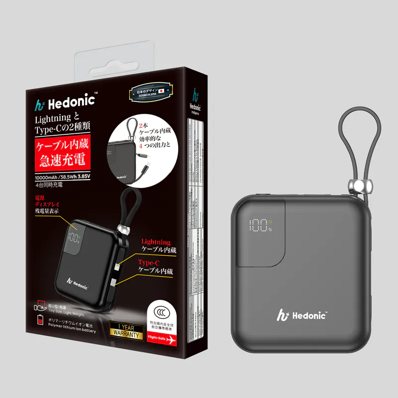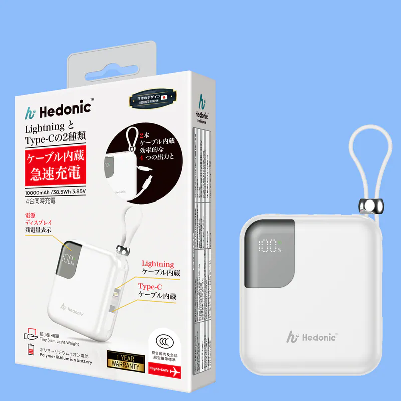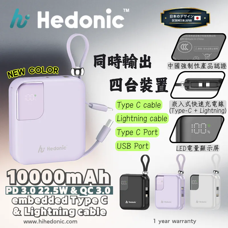 [CCC認證 & CE 認證 & ROHS 認證] Hedonic 10000mah (38.5Wh) PD 3.0 22.5W Lightning & USB-C Power Bank 黑色/白色
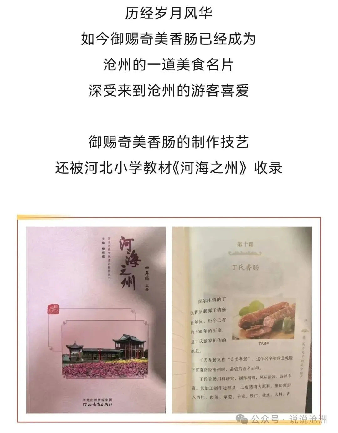 御赐奇美香肠独家祖传绝艺,乾隆二十二年四月,乾隆皇帝下江南,经运河水路到达捷地闸口时,伴驾南巡的大学士礼部尚记纪晓岚将这道美食进上。
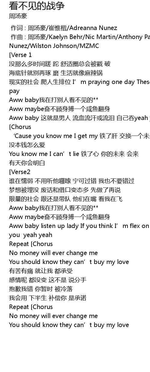 | [00:01.000] | zuò qǔ : zhōu tāng háo Kaelyn Behr Nic Martin Anthony Pavel Adreanna Nunez Wilston Johnson MZMC |
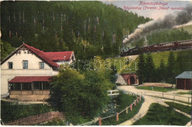 Beschreibung: Körmöcbánya, Kremnitz, Kremnica; Zólyomvölgy, Ferenc József nyaraló, gőzmozdony. Ritter Sándor kiadása / Zvolenska dolina, villa, locomotive (EK)
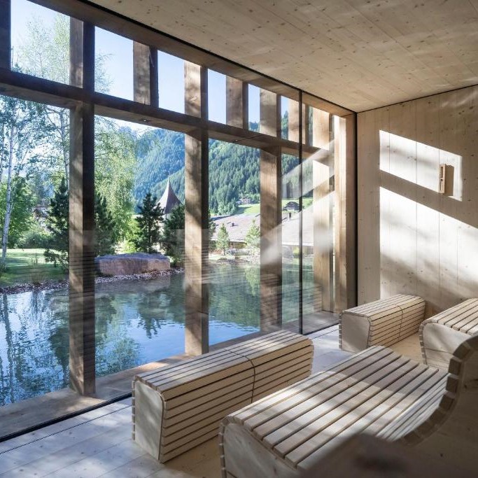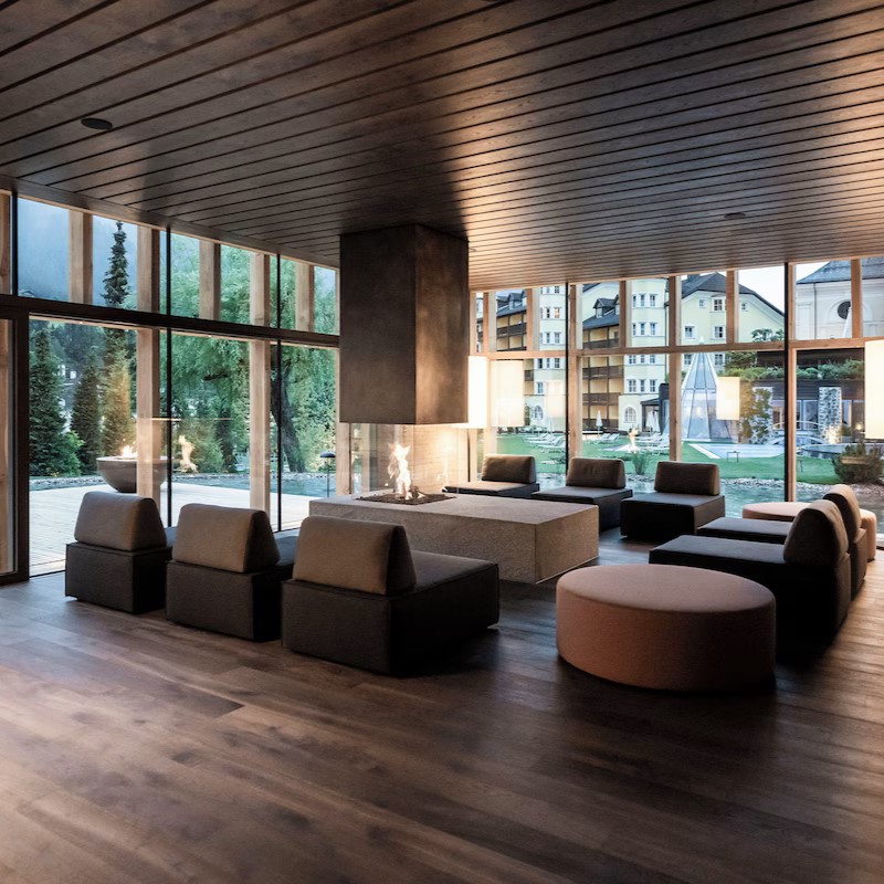 In the Dolomites’ Val Gardena, Adler Spa Resort Balance is designed as a retreat for those who take wellness seriously. The atmosphere is calm and adults-only, with light-filled rooms in wood and stone, each with balconies. At its core is a vast spa with thermal pools, saunas, and salt grottoes, complemented by the Adler Med program, where doctors coordinate nutrition, exercise, and restorative treatments. Add in lounges lined with books and panoramic windows, and the resort feels as much a place to restore as to transform.
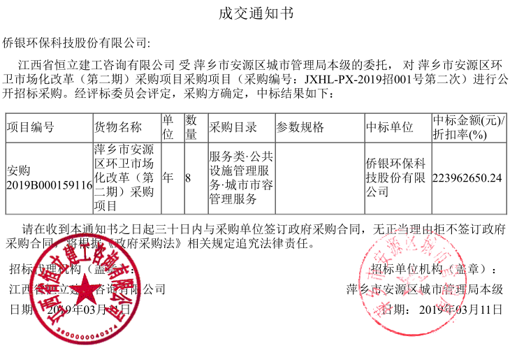 原標(biāo)題:僑銀環(huán)保中標(biāo)2.24億江西萍鄉(xiāng)安源區(qū)環(huán)衛(wèi)市場(chǎng)化項(xiàng)目
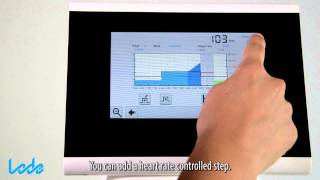 Программируемый модуль управления имеет сенcорный дисплей 7’’. Позволяет выбирать из 6 установленных протоколов нагрузки или запрограммировать и сохранить до 50 пользовательских протоколов. Имеет интерфейс на русском языке. Позволяет визуализировать, контролировать и изменять следующие параметры нагрузки: текущая и целевая скорость, текущий и целевой угол наклона, расстояние, время, энергия, режим, выбранный протокол, ЧСС (при наличии модуля измерения ЧСС), артериальное давление (при наличии модуля измерения АД), уровень сатурации (при наличии модуля измерения SpO2).
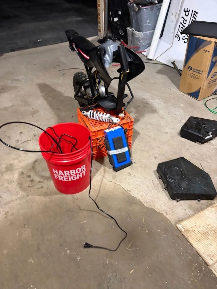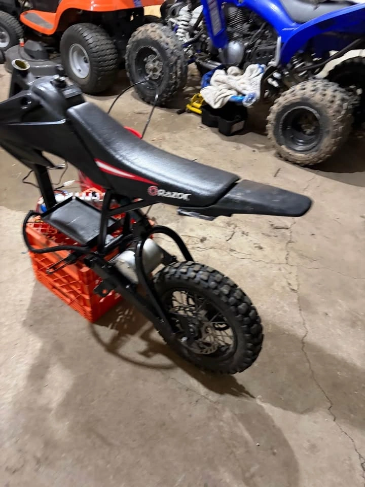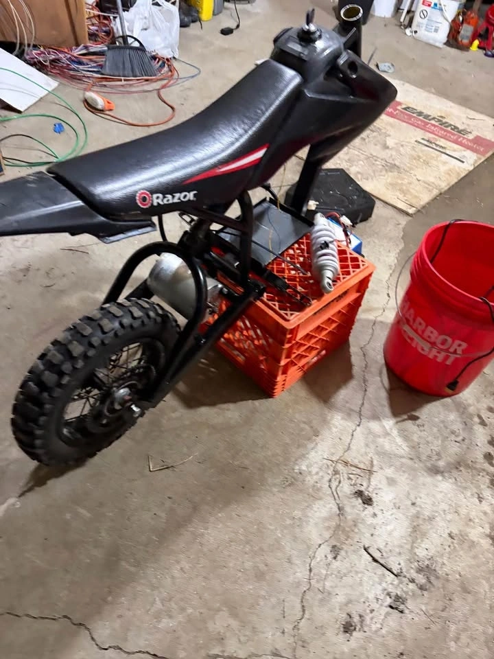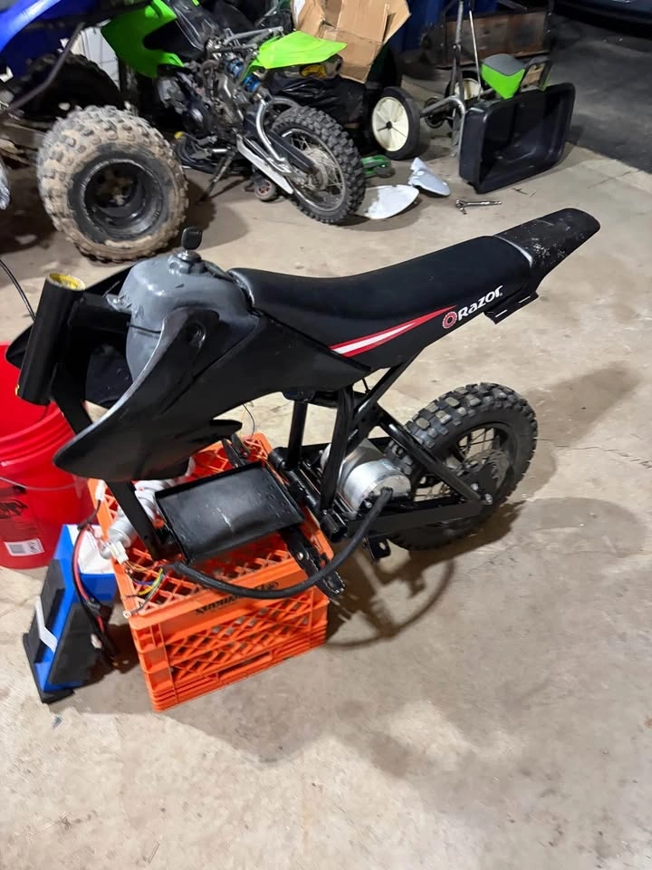 Selling parts from a modded Razor mx650 dirt e-bike . I paid someone to do some work on it, but they didn't finish and took some parts. Trying to get some money back. Includes a 48v battery and a 72v motor, along with a bunch of other parts and two wheels.
******
_What needs to be done:_ Would you write out exactly the lines above, starting at the line containing "御赐奇美香肠独家祖传绝艺,乾" and stopping after the line containing "Beschreibung: Körmöcbánya, Kremnitz, Kremnica;"? Omit the pictures.

_Output for this exercise:_
 御赐奇美香肠独家祖传绝艺,乾隆二十二年四月,乾隆皇帝下江南,经运河水路到达捷地闸口时,伴驾南巡的大学士礼部尚记纪晓岚将这道美食进上。
 | [00:01.000] | zuò qǔ : zhōu tāng háo Kaelyn Behr Nic Martin Anthony Pavel Adreanna Nunez Wilston Johnson MZMC |
 Beschreibung: Körmöcbánya, Kremnitz, Kremnica; Zólyomvölgy, Ferenc József nyaraló, gőzmozdony. Ritter Sándor kiadása / Zvolenska dolina, villa, locomotive (EK)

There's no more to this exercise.